Die deutschen Streitkräfte seien „nicht wirklich einsatzfähig“, die Strukturen könnten „leider nur als dysfunktional“ bezeichnet werden. Dies gelte auch für das Verteidigungsministerium. Man brauche eigentlich, so Weber, „jemanden wie Helmut Schmidt, mit umfassender Sachkompetenz, dem Willen, energisch zu handeln, und der Fähigkeit, wirklich zu führen“. Allerdings sieht er „im Kreis der Koalitionäre“ niemanden, der dieser Aufgabe gewachsen wäre. Die Bundeswehr selbst sei nicht für ihren desolaten Zustand verantwortlich, angesichts dessen sich Weber wundert, „wieviel Zehntausende Frauen und Männer in dieser Bundeswehr noch immer treu und engagiert ihren Dienst absolvieren, obwohl sie von oben im Stich gelassen werden“.
Erheblicher Mittelbedarf
Die Dinge müssten „oben neu sortiert“ und die Bundeswehr dann „in funktionalen Strukturen geführt werden“. Dafür brauche es die erforderlichen Mittel.
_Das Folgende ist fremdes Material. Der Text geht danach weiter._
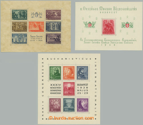 Philately. Mi.Bl.20-22, souvenir sheets 80 years of Hungarian stamps, complete set of 3 miniature sheets; mint never hinged, c.v.. 180EUR
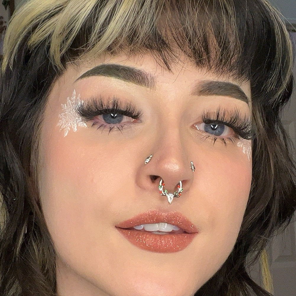 Much like a beautifully decorated Christmas tree, this septum ring glistens and gleams with the holiday spirit.
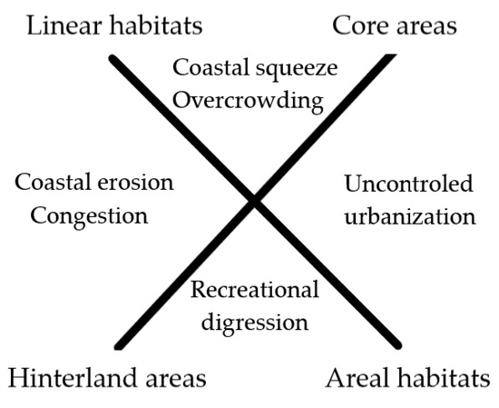 After the military use ended, the management of the converted coastal areas shifted from a prescriptive approach to a negotiation one, which emphasizes consensus-building with local stakeholders [33]. Local people started feeling a sense of ownership over the land and tourism, contrasting with the military management. However, multiple challenges remain. Hence, the central issue of the article is to identify the critical conditions for ensuring the competitiveness and sustainability of tourism in a former coastal military area converted to a CMPA. We argue that the main challenges in coastal and hinterland tourism stem from the differences between the system’s linear and areal littoral habitats.
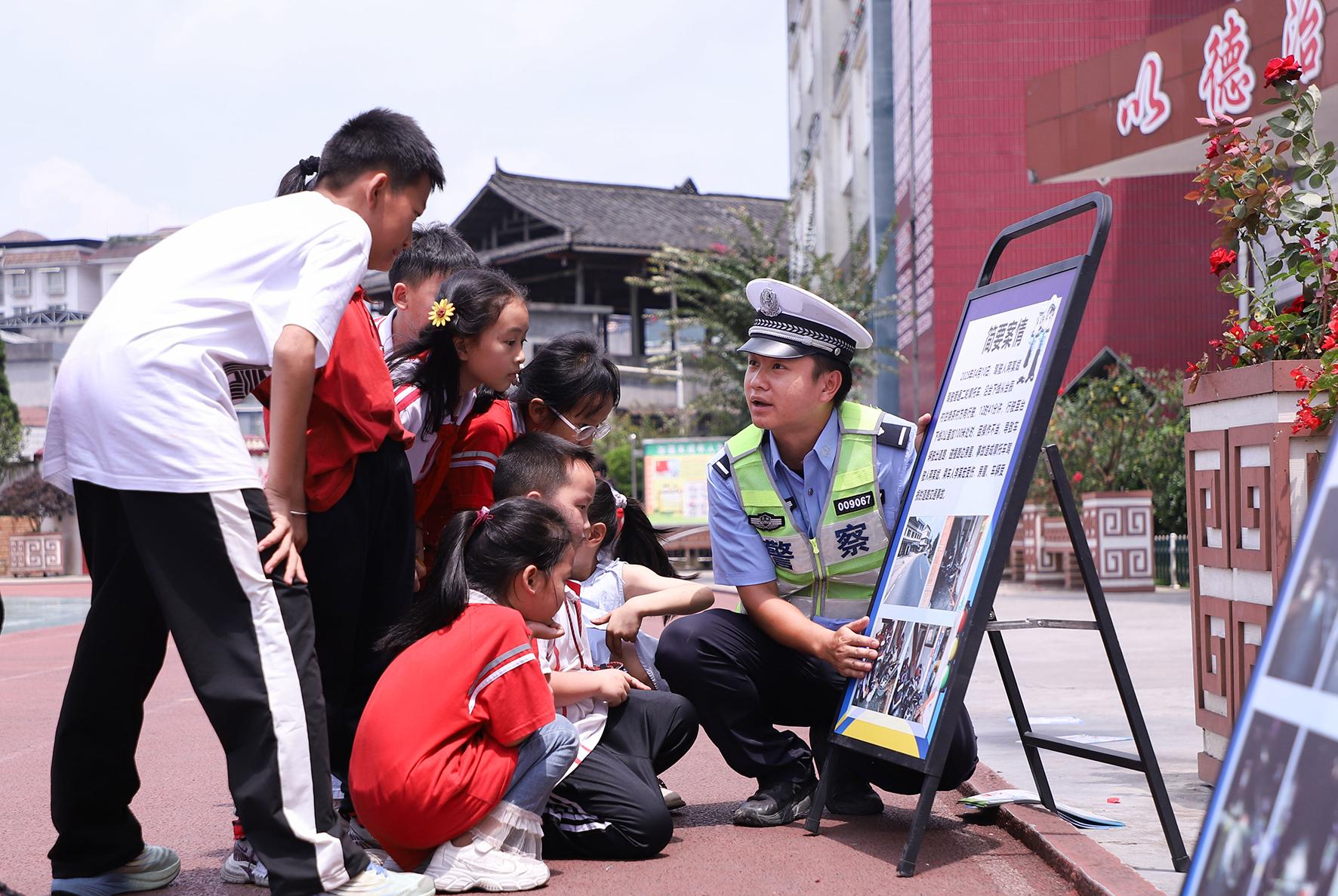 7月8日,貴州省丹寨縣交警大隊民警走進轄區(qū)城關二小,為同學們上了一堂暑假交通安全課。
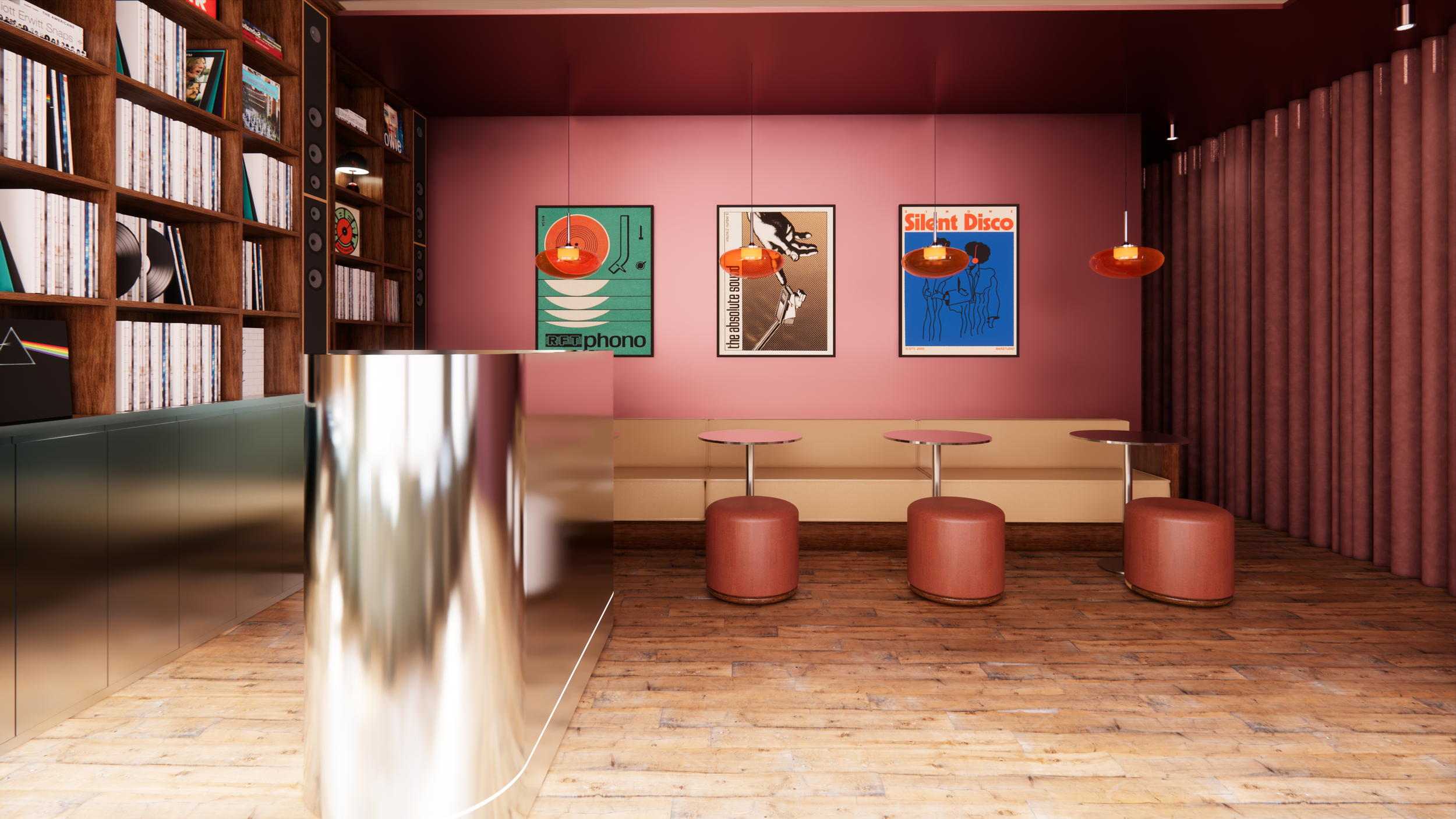 VINYLA Mid-Century inspired record store and bar in Lancaster. We’ve designed this multi-functional space for both day and night to serve as a ‘third space’ where people can shop, socialise & enjoy their passion for music.
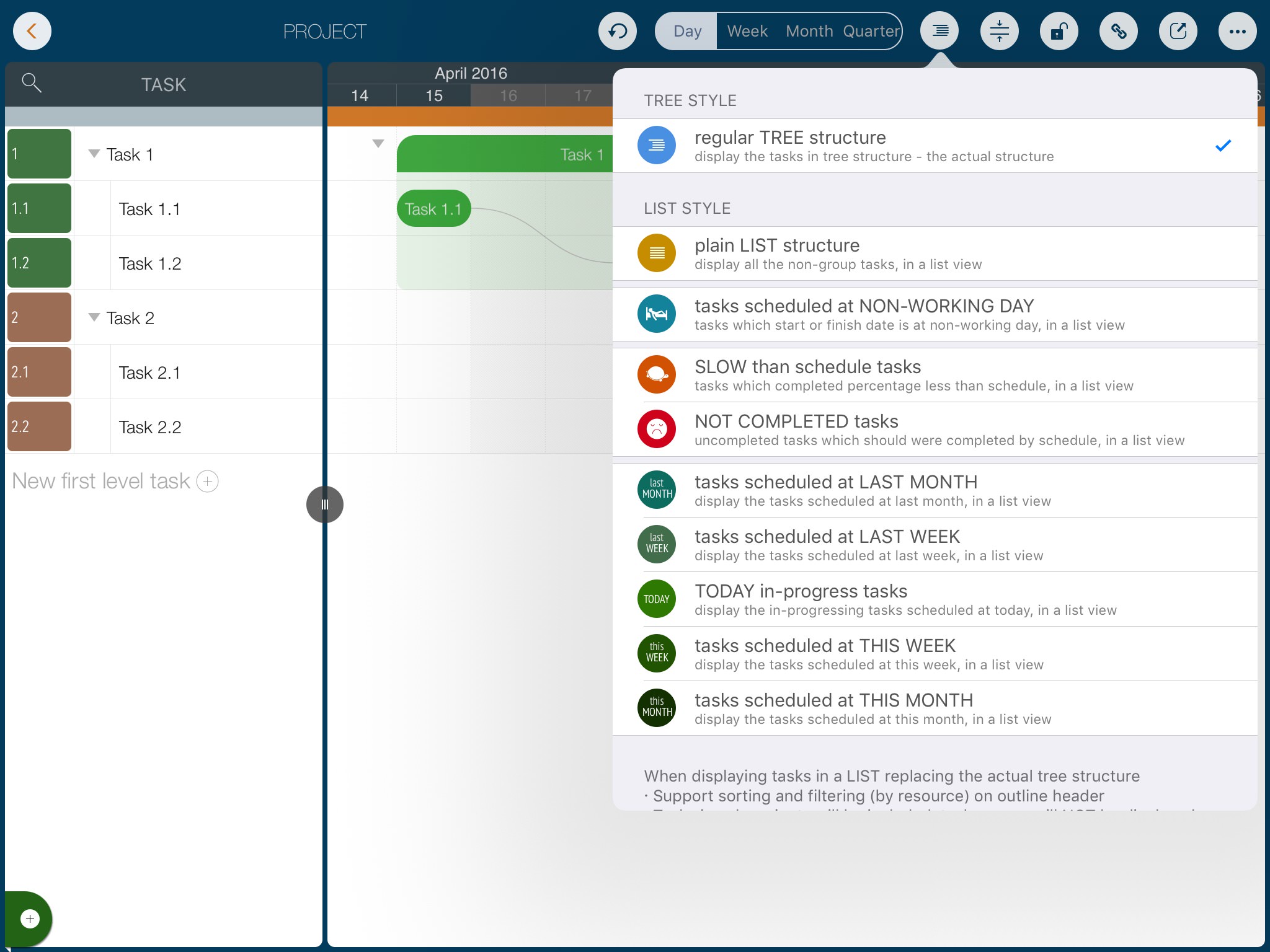 In addition to the basic way of displaying tasks as a tree structure, the app also supports displaying all tasks as a list

Die Bundeswehr sei „definitiv nicht verteidigungsbereit“, was die Verantwortlichen auch selbst sagen würden. Im Kriegsfall wäre, so Weber, wahrscheinlich keine Einzige der acht Brigaden wirklich einsatzfähig. Eine kluge Politik müsste dafür sorgen, „dass niemand auch nur daran denkt, uns anzugreifen“.
Von der dafür erforderlichen schlagkräftigen und modernen Bundeswehr sei man derzeit jedoch „meilenweit“ entfernt. Sicherheitspolitik sei in Deutschland „zu einer Art Schmuddel-Thema“ gemacht worden. Nun merke man, dass es brennt, aber die Versicherung fehle. Wer solle nun löschen, da die Feuerwehr „vollkommen heruntergewirtschaftet“ sei? Weber plädiert auch für eine Rückkehr zur Wehrpflicht, „im Rahmen einer allgemeinen Dienstpflicht“, da die Stärkung der Bundeswehr mit den vorhandenen Bewerberzahlen nicht erreicht werden könne.
Zu sklerotisch und träge
Auf Nachfrage sieht Weber sich außerstande, auch nur einen Bereich bei der Bundeswehr zu benennen, bei dem es gut laufe. Es fehle überall entweder „an Qualität der Ausstattung oder an Quantität der Kräfte, meistens an beidem gleichzeitig“.
Es ist nicht anzunehmen, dass sich daran unter einem – wenn auch etwas weniger inkompetenten – neuen Verteidigungsminister etwas ändern werde. Dazu ist der deutsche Parteienstaat zu sklerotisch und träge. Er kreist nur um sich selbst und die Machtbedürfnisse seiner Protagonisten. Selbst dringlichste Notsituationen können allenfalls noch vorübergehendes Handeln erzeugen, bevor alles wieder in den gewohnten Trott zurückfällt. Auch Pistorius wird aller Wahrscheinlichkeit nach nur einige kosmetische Änderungen vornehmen können, um sie medial zu verkaufen. Am ruinösen Zustand der Streitkräfte wird sich nichts ändern. Dazu fehlt sowohl der politischen Wille als auch die politische Kraft.